● Instructions to follow:
For the data below, transcribe the part that opens with the line containing "Брюки прямого силуэта" and closes with the line containing "b Para algunos", exactly and with no pictures.
─── Provided records
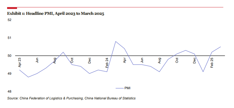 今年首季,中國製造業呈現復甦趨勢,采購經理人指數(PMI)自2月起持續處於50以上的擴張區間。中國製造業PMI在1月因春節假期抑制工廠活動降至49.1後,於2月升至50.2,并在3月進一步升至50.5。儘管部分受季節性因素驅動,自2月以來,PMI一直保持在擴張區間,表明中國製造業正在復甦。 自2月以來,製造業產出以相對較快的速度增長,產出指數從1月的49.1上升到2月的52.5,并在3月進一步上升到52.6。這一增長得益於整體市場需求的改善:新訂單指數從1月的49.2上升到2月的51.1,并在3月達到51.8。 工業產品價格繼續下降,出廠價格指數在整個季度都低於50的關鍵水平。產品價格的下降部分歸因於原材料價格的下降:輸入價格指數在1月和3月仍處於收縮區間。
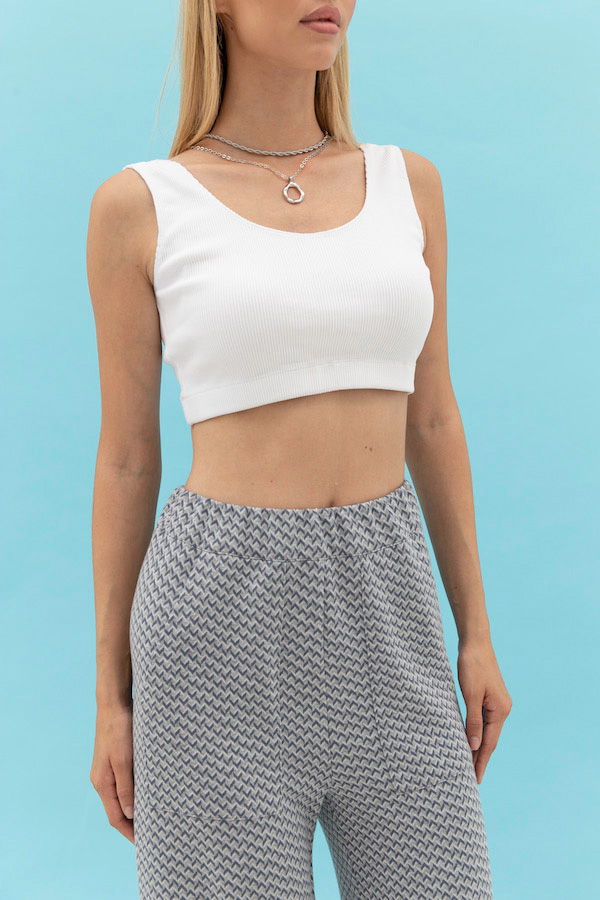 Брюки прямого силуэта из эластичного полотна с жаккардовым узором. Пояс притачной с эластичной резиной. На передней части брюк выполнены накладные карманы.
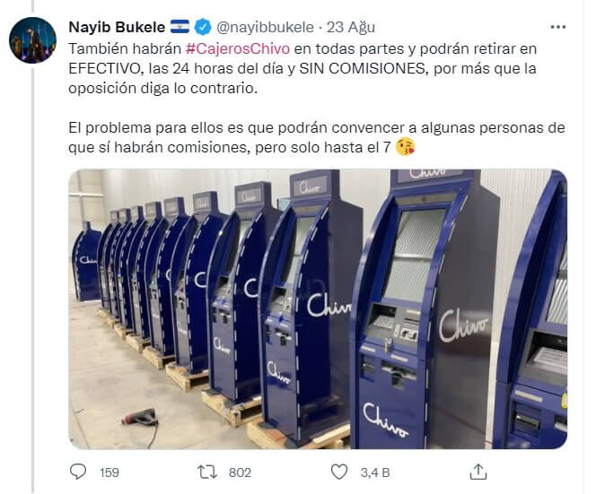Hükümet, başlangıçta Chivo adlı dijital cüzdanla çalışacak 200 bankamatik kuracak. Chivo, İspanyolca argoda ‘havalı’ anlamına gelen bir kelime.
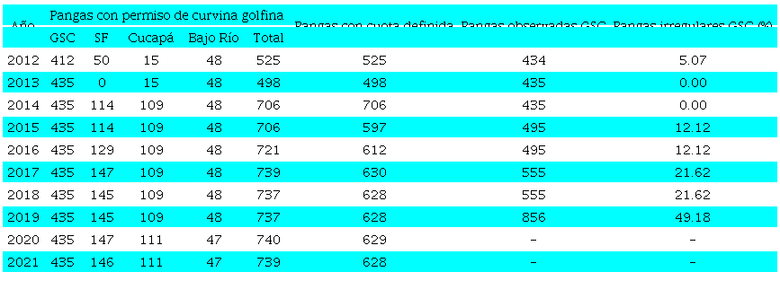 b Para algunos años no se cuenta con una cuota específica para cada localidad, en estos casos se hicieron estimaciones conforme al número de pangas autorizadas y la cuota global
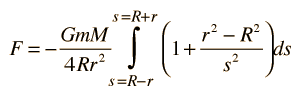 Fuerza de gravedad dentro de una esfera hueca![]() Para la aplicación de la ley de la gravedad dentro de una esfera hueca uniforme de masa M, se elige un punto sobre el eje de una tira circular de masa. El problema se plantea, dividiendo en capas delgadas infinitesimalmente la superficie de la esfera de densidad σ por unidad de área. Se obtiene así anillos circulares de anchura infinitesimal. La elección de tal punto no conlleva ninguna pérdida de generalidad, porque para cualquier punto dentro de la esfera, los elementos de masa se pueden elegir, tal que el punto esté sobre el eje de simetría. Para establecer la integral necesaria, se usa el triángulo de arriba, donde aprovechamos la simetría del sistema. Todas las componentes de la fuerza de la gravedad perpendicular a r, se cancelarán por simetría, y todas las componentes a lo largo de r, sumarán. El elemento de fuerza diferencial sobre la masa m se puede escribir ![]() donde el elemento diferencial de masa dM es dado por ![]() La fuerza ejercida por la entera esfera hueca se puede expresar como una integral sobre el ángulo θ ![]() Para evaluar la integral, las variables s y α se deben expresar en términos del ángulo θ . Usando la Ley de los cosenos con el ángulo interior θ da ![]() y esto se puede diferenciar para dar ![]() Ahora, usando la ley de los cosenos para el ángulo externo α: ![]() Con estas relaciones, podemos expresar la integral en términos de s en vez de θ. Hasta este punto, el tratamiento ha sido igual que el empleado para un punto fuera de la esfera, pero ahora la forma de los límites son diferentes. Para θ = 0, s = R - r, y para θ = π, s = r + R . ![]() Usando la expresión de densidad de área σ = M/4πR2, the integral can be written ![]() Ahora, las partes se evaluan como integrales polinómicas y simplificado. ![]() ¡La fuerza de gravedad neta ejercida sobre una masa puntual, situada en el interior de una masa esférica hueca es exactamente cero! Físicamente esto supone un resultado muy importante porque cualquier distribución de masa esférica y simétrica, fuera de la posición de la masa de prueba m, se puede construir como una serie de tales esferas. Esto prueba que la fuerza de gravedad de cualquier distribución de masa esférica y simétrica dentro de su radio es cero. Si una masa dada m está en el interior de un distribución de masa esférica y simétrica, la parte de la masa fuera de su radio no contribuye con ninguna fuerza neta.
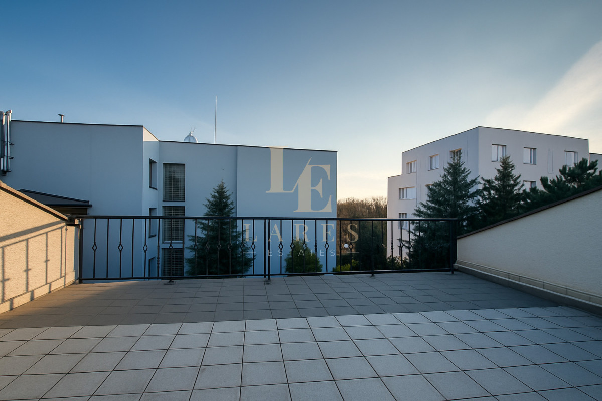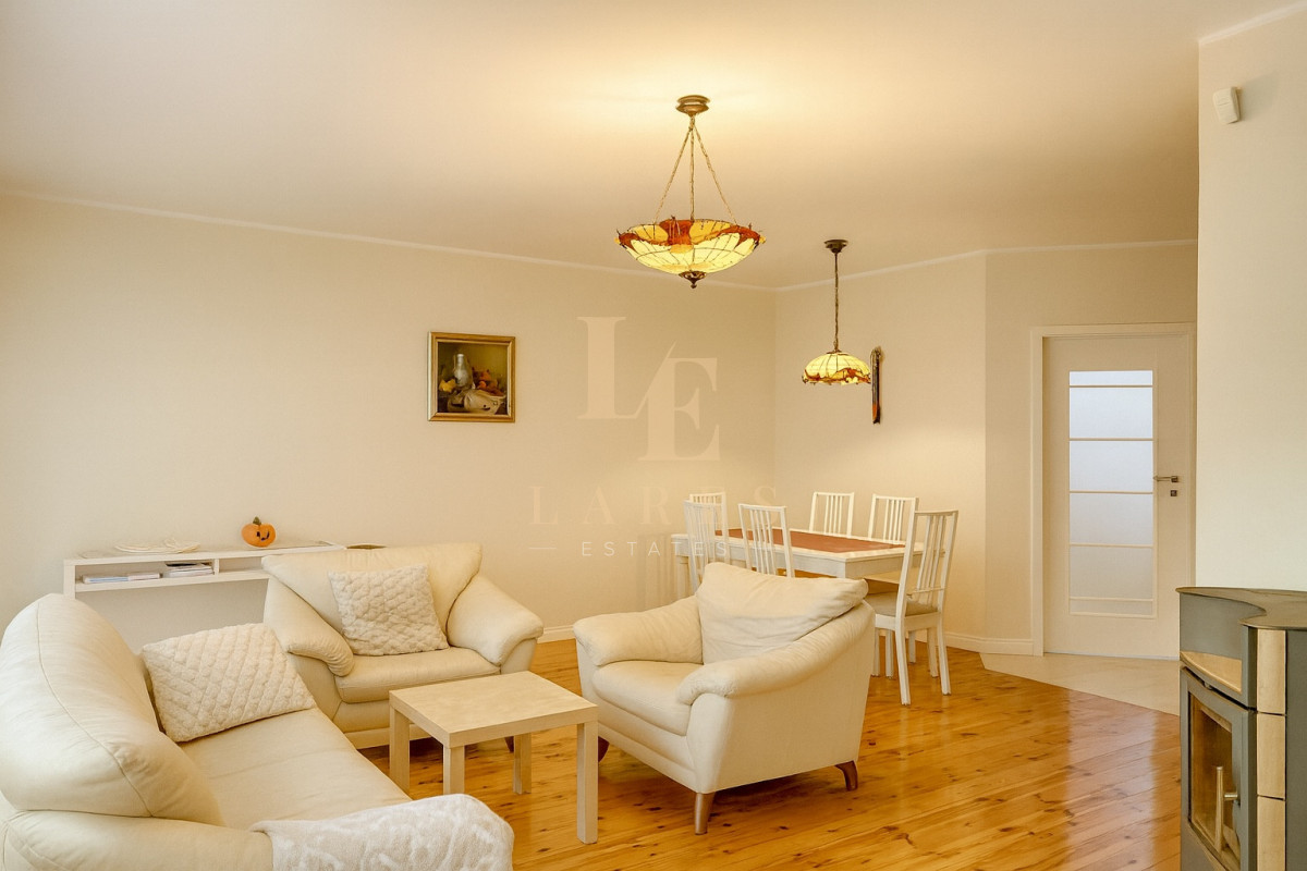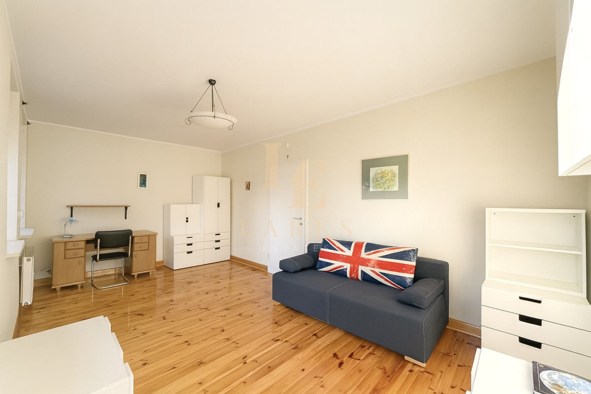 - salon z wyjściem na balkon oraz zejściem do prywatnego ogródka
──────
─── Provided records
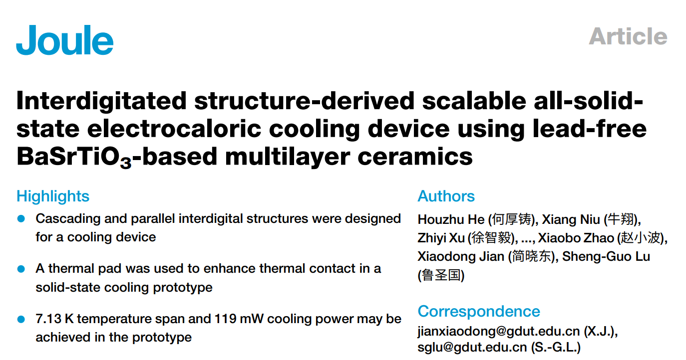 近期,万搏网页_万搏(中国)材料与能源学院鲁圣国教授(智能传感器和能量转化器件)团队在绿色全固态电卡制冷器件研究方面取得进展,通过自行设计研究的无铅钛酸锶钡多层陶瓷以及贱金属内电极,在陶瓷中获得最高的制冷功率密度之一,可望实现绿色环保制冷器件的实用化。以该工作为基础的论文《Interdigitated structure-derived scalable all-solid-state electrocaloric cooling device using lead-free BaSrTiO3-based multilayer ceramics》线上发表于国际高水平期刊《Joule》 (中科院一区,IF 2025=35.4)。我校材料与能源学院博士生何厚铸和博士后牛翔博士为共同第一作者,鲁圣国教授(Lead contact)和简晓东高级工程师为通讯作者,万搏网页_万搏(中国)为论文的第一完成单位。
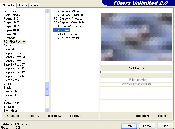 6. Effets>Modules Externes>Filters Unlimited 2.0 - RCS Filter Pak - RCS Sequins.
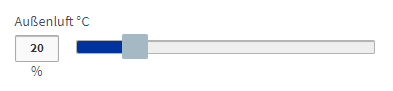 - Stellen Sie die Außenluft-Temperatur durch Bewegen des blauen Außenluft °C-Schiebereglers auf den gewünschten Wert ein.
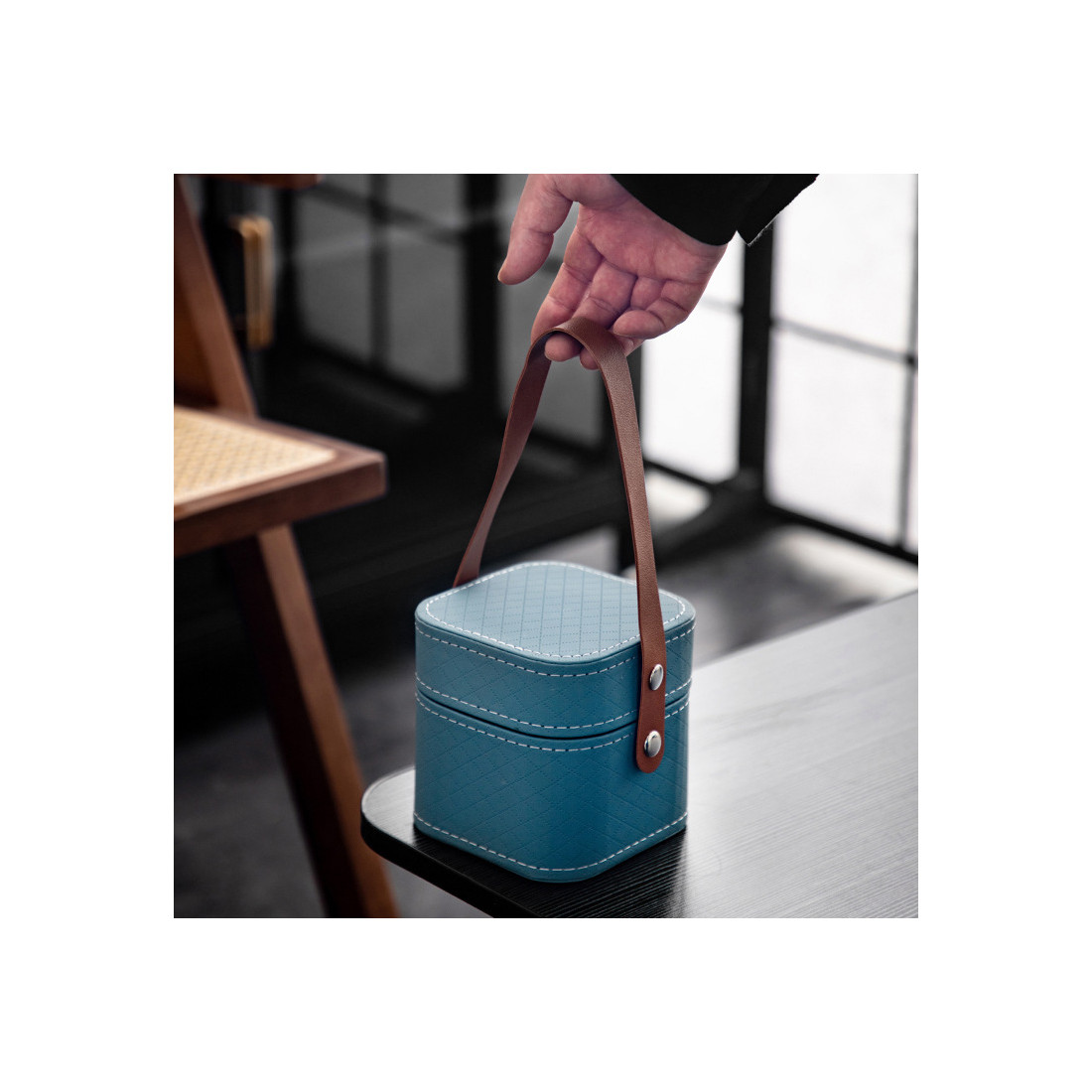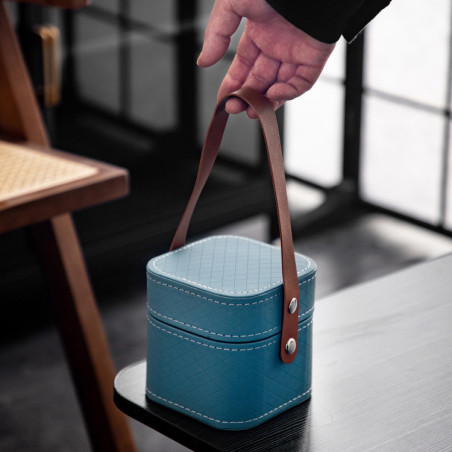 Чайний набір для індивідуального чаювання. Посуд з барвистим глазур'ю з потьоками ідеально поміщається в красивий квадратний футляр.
──────
─── Provided records
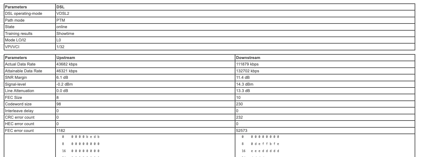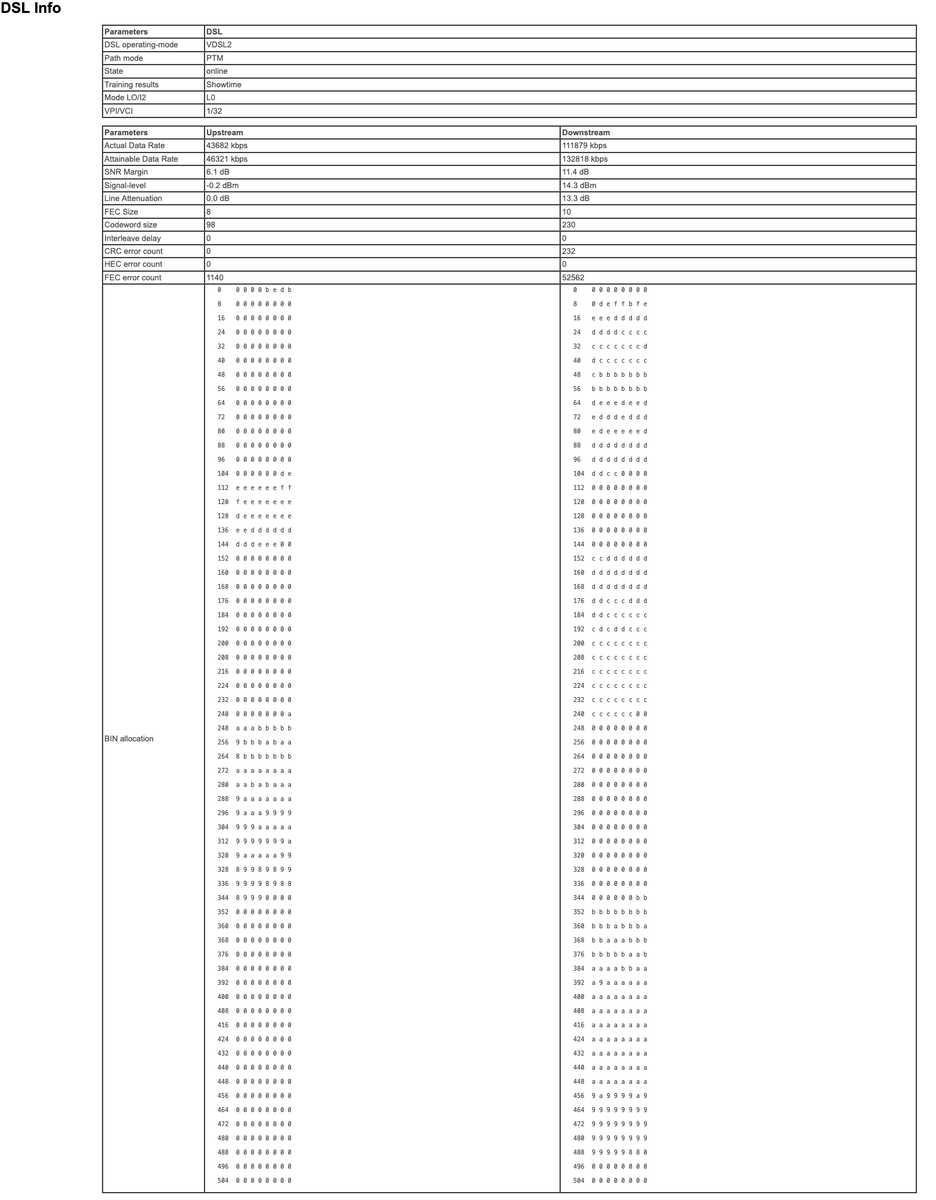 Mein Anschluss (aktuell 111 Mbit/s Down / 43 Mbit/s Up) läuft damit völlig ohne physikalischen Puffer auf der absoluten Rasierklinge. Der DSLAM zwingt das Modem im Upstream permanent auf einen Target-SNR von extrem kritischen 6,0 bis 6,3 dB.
──────
● Task answer:
 Брюки прямого силуэта из эластичного полотна с жаккардовым узором. Пояс притачной с эластичной резиной. На передней части брюк выполнены накладные карманы.
Hükümet, başlangıçta Chivo adlı dijital cüzdanla çalışacak 200 bankamatik kuracak. Chivo, İspanyolca argoda ‘havalı’ anlamına gelen bir kelime.
 b Para algunos años no se cuenta con una cuota específica para cada localidad, en estos casos se hicieron estimaciones conforme al número de pangas autorizadas y la cuota global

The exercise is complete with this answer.